No se queda en tales evidencias el proceso de envejecimiento. Ya tenemos más fuera que dentro la inteligencia. Los excesos de la informática, que no ella, son cada día más como ese bastón en que se apoya el humano cuando sus capacidades físicas disminuyen. En medio de esta ancianidad obvia está la otra, la por completo contradictoria. En realidad, en el mundo hay cada día más gente joven. Somos seis mil millones, tantos que sumamos ya más seres vivos que todos los muertos habidos en las 460 generaciones anteriores, que son todas las que nuestra especie ha visto sucederse. Pero como mantenía Elias Canetti, " la edad de la Tierra cambia según el número de sus habitantes". Lo que sugiere que nuestro planeta es cada día más viejo, no sólo dado su obvio pasar por el tiempo, sino también por el exceso de humanos.

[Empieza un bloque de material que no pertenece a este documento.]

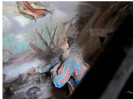
Abb. 12: Gitterschatten, Vision des hl. Franziskus, Orta. Foto: B. Babich, 2010

Aus all diesen Gründen muss man auf die Konventionen der perspektivischen Erfahrung hinweisen, die immer Gepflogenheiten im Spiel der jeweiligen Zeit sind.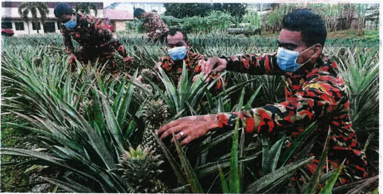
SEJUMLAH 3,000 pokok nanas di tanah seluas 0.5 hektar di belakang balai bomba.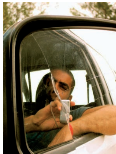
Exposition «Les Condamnés»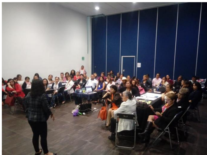
Fotografía 13. Explicación de programas federales en Salón 1

"El Programa de Fortalecimiento a la Transversalidad de la Perspectiva de Género es público, ajeno a cualquier partido político. Queda prohibido el uso para fines distintos a los establecidos en el programa"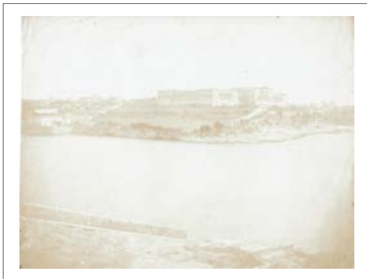
Royal Navy Hospital Bigli, Kalkara, Malta. 1846. Épreuve sur papier salé d'après un négatif papier. 15,7 x 20,6 cm.

Todavía más inquietante es la conformidad. La autodomesticidad es categoría de lo que va terminándose. Si cualquiera de las formas de rebeldía, como tantas veces se ha afirmado, son íntimas amigas de la juventud, nada asoma tanto ahora mismo como la incapacidad de cuestionar lo establecido y proponer metamorfosis. Y esto sucede porque los más jóvenes, al menos en estos pagos, apenas pasan de la adolescencia, ya son maduros productores de estabilidad. Lo que produce infinita mediocridad en las apuestas de convivencia y arte. Si hasta Pedro Almodóvar es ya uno más de los correctos.

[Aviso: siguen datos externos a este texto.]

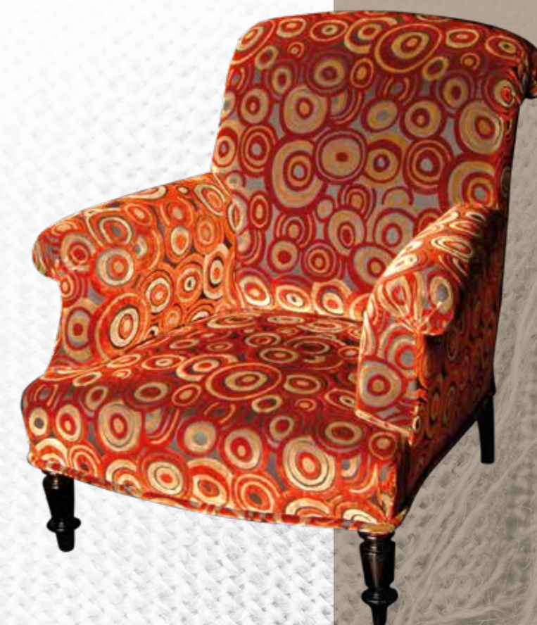
Fauteuil Anglais à crosse, velours de soie Art-déco

La ancianidad creciente, en cualquier caso, podría ser desgastada por los mismos procesos de renovación que la vida inventó y encontró precisamente para durar y ser incesantemente nueva y novedosa. Pero es precisamente a esos mecanismos a los que más se ataca. La vieja humanidad parece desear que también lo sea la naturaleza. Acaso envidiosa de la eterna juventud que siempre intentó lo viviente, se afana con patética eficacia a convertirlo todo en desgastado, tropezón y añoso. Baste recordar que la atmósfera anda febril; que los vasos sanguíneos de este mundo, sus ríos, padecen arteriosclerosis, o que menudean los abrasamientos y erosiones de la piel de la Tierra. Miles de especies de animales y plantas han perdido productividad biológica, incluso en mayores proporciones que las sociedades opulentas.

La renuncia a rejuvenecer se adensa, sobre todo, con la penosa apuesta por sólo un crecimiento económico sin límites. Y por la incapacidad de animarse a explorar novedades, sin acumulación, que es lo propio de la juventud.

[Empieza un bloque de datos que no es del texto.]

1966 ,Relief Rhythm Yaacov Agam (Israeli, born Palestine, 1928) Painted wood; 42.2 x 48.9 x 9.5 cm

Mientras nuestra ancianidad y la que le imponemos al derredor sea más activa que los procesos con los que la vida se opone a su destrucción, algo nos equivoca, nos extravía y, porque envejece, nos amenaza. No somos capaces de comprender que los destinos se agotan si se extinguen las retaguardias, los suministros y, sobre todo, la vivacidad. Por suerte, la alternativa existe. Se llama sostenibilismo, el único pensamiento que busca un hogar para la multiplicidad que aporta no renovándose. Por desgracia, los decrépitos que están en el poder, y no pocos de los que quieren estarlo, le dan a la juventud un oscuro rincón.